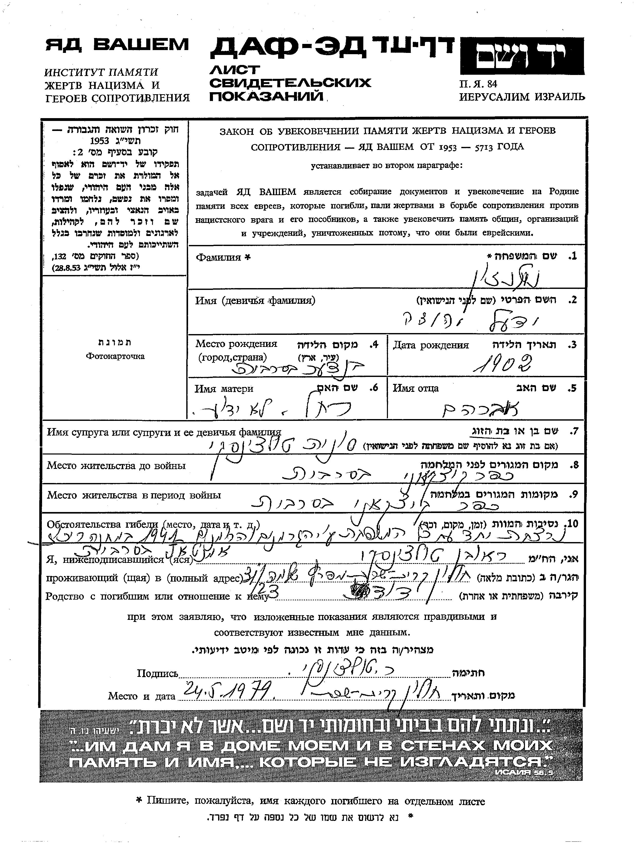 Yad Vashem - Pages of Testimony Names Memorial Collection
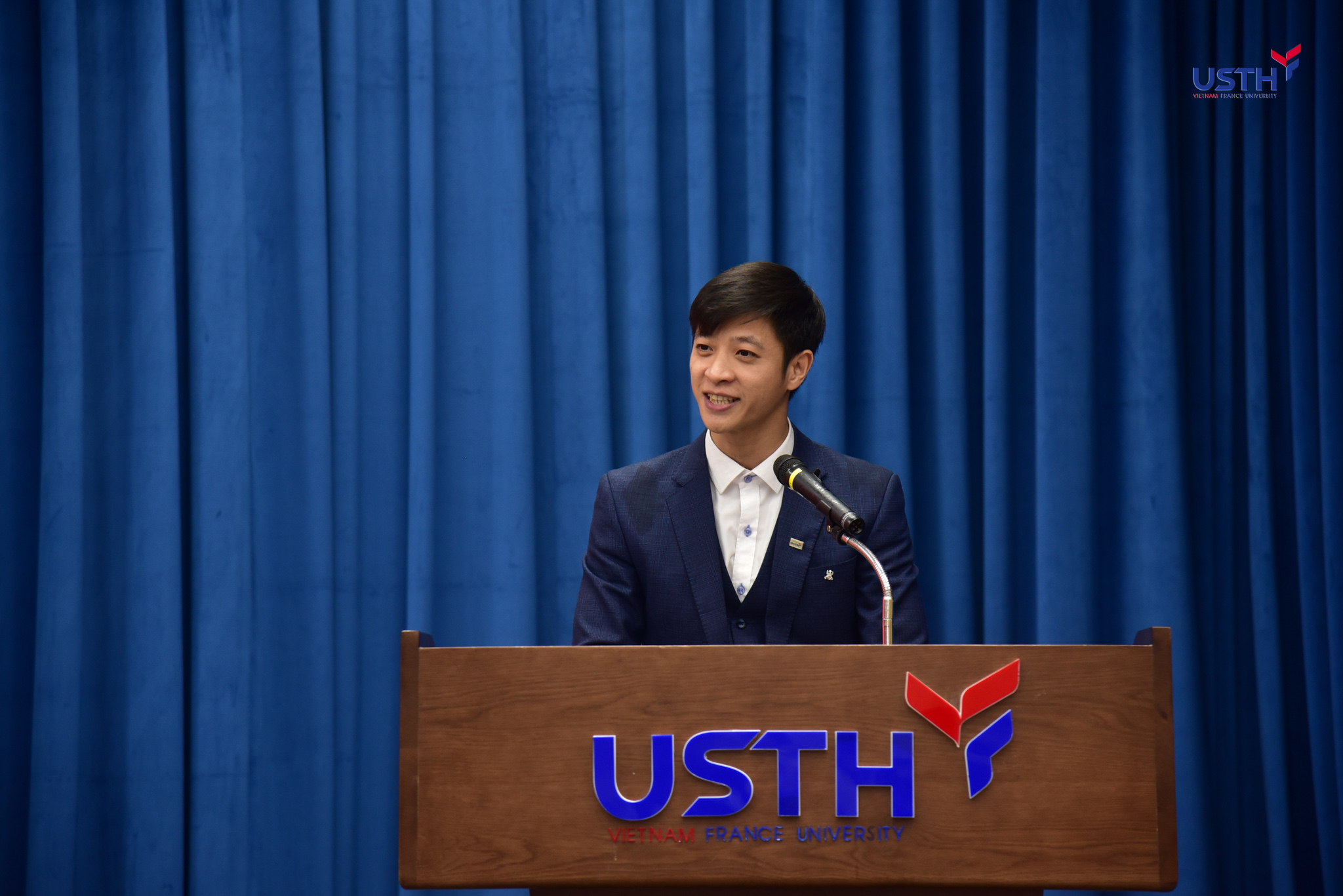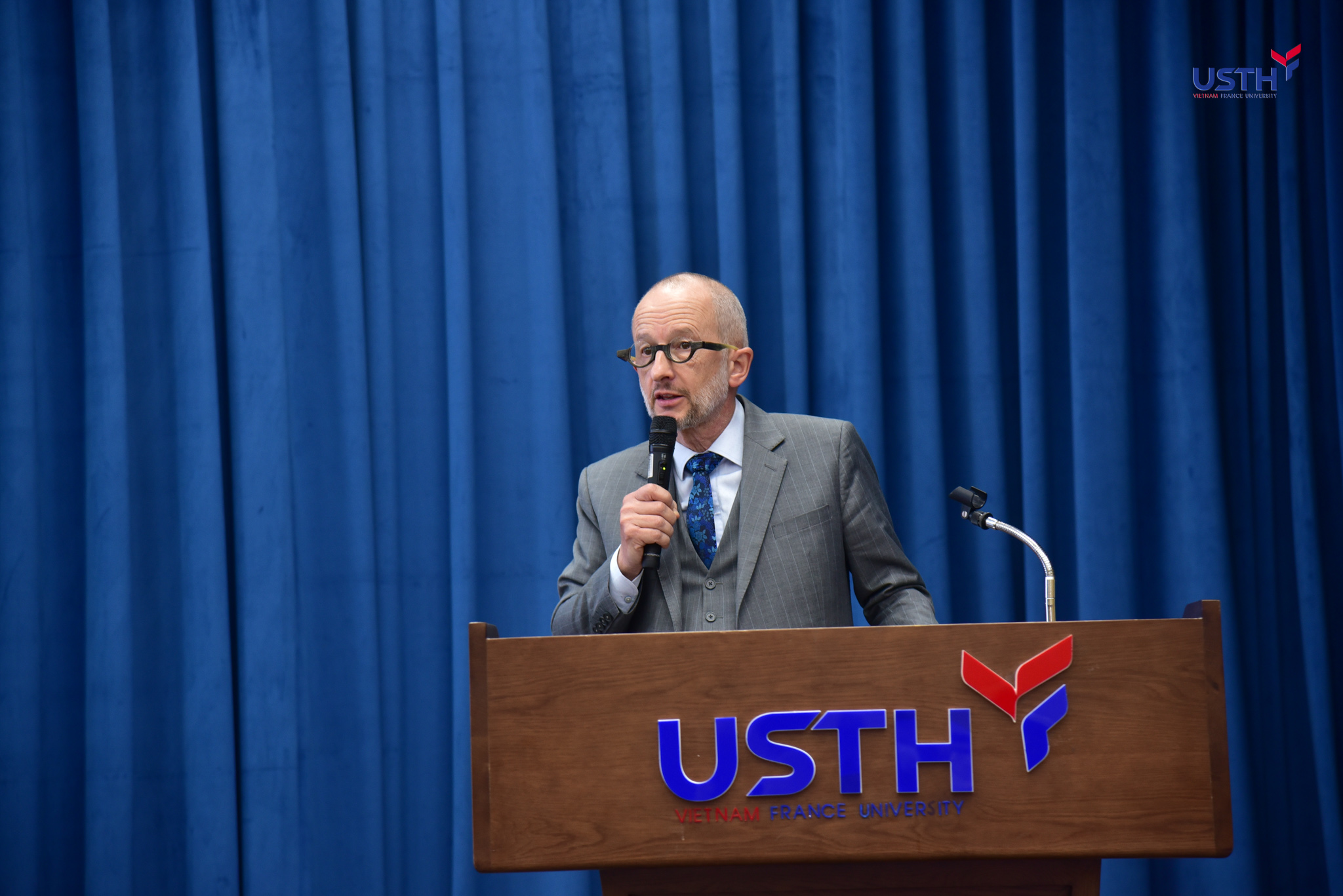 Phát biểu khai mạc buổi Lễ, GS.Jean-Marc Lavest, Hiệu trưởng chính của USTH gửi lời chúc mừng nhiệt liệt tới các tân Phó Giáo sư được bổ nhiệm trong buổi Lễ ngày hôm nay. GS. Jean-Marc Lavest khẳng định những thành tựu USTH đạt được ngày hôm nay là kết tinh từ tầm nhìn chiến lược từ các nhà lãnh đạo Việt Nam và Pháp, cùng với những cống hiến thầm lặng, cam kết và nỗ lực bền bỉ của tập thể cán bộ, giảng viên của Nhà trường.
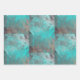 Aqua Blue Turquoise N Grey Distressed Abstract Wrapping Paper Sheet
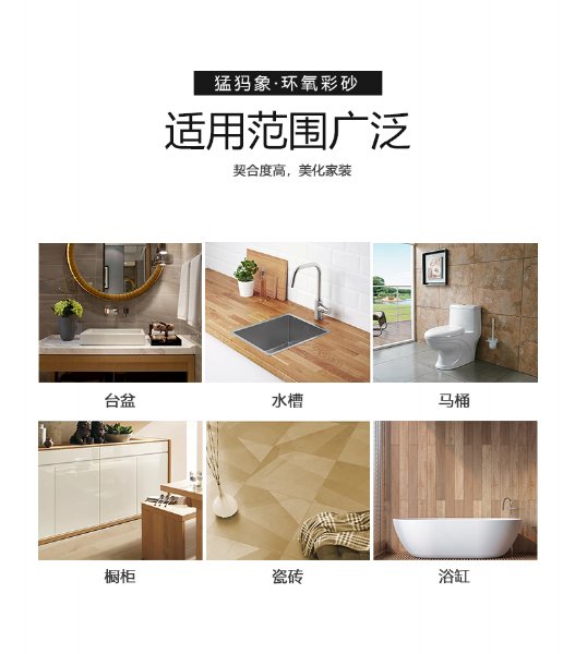 彩砂为全新一代水性环氧类绿色环保美缝装饰材料,色彩丰富靓丽,磨砂质感强,防污防霉更强,易清洁、耐擦洗且有效解决了
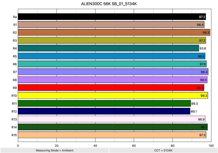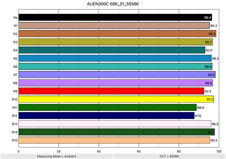 In the graph above the gold bars indicate a perfect CIE D55 source. The red bars indicate a perfect CIE D 5600K source. This lets us compare how close to a perfect 5600K lighting source the Alien 300C is. A score in the low 70’s is typical for a 5600K LED source.
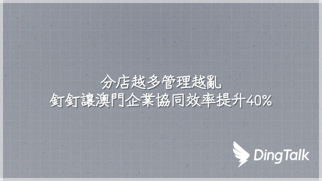 多姆科技(DomTech)是釘釘在澳門的官方指定服務商,專門為廣大客戶提供釘釘服務。如果您還想瞭解更多釘釘平臺應用的內容,可以直接諮詢我們的在線客服,或者通过电话+852 95970612或邮箱cs@dingtalk-macau.com联系我们。我們有優秀的開發和運維團隊,豐富的市場服務經驗,可以為您提供專業的釘釘解決方案和服務!
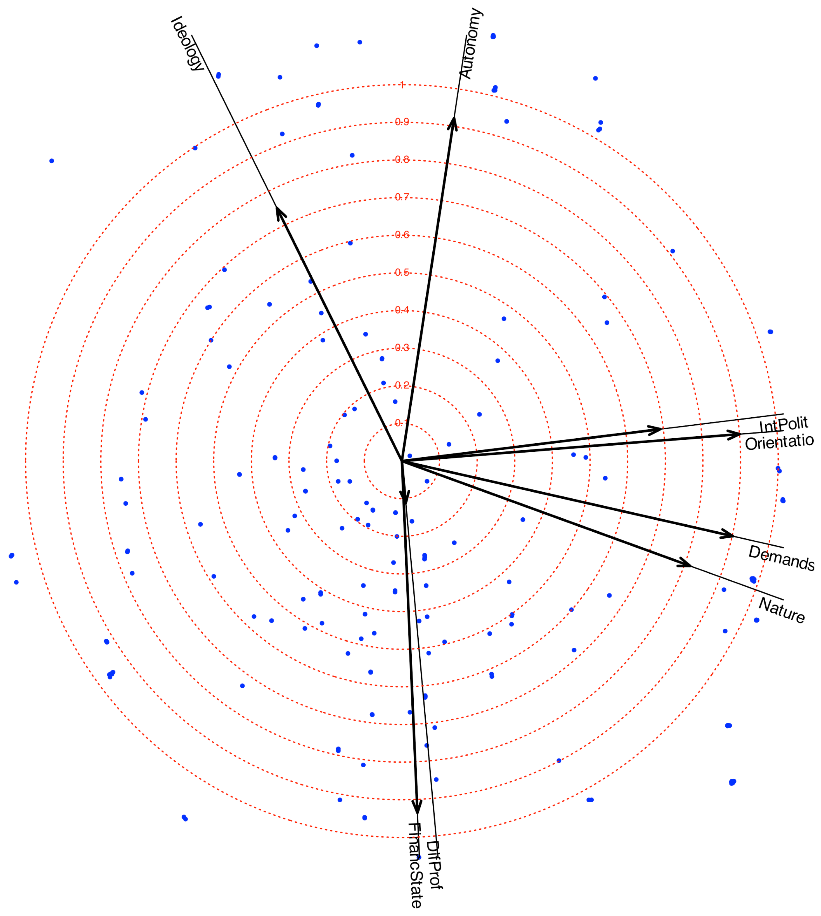 Figure 9 also displays the individuals together with their projections onto the selected variable. This is merely an illustration of how to interpret the biplot. To assess the quality of the predictions, you should refer to the goodness-of-fit indices presented in the article. Points in red correspond to predictions of category 1 (None), whereas points in blue correspond to predictions of category 3 (A lot). The intermediate category 2 (Some) is not represented and is therefore never predicted. When considering all variables jointly, the resulting biplot provides a comprehensive view that facilitates the interpretation of the main structural features of the data.
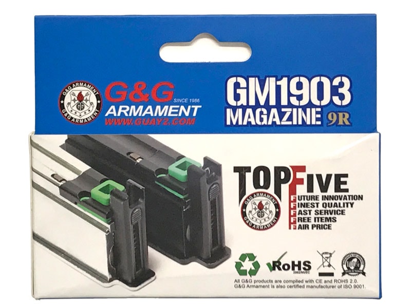 G&G M1903シリーズ対応のスペアマガジンCo2仕様のシルバカラー※フロン仕様の本体に当製品を使用すると法定初速を超えてしまう恐れがあります。フロン仕様の本体に使用する場合は十分に調整を行ってから法に則った初速でご遊戯ください。
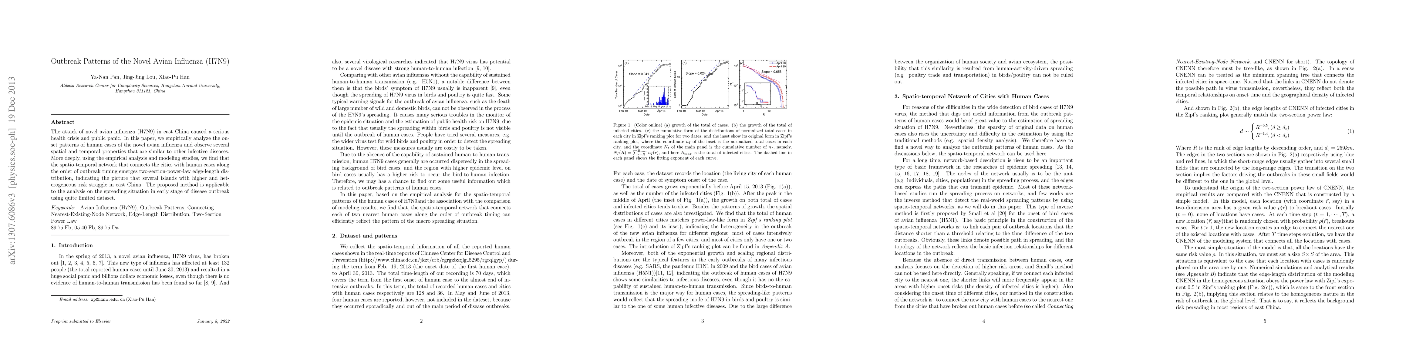 A study analyzed the outbreak patterns of H7N9 avian influenza in east China, finding a two-section-power-law edge-length distribution that indicates higher risk areas scattered throughout the region. The research suggests its applicability to early-stage disease outbreaks with limited data.
* * *
- **What to do**: An exact transcription is needed of the lines from the one with "In the graph" to the one with "多姆科技(DomTech)是" above, both ends included, with pictures left out.

- **Answer to this problem**:
 In the graph above the gold bars indicate a perfect CIE D55 source. The red bars indicate a perfect CIE D 5600K source. This lets us compare how close to a perfect 5600K lighting source the Alien 300C is. A score in the low 70’s is typical for a 5600K LED source.
 多姆科技(DomTech)是釘釘在澳門的官方指定服務商,專門為廣大客戶提供釘釘服務。如果您還想瞭解更多釘釘平臺應用的內容,可以直接諮詢我們的在線客服,或者通过电话+852 95970612或邮箱cs@dingtalk-macau.com联系我们。我們有優秀的開發和運維團隊,豐富的市場服務經驗,可以為您提供專業的釘釘解決方案和服務!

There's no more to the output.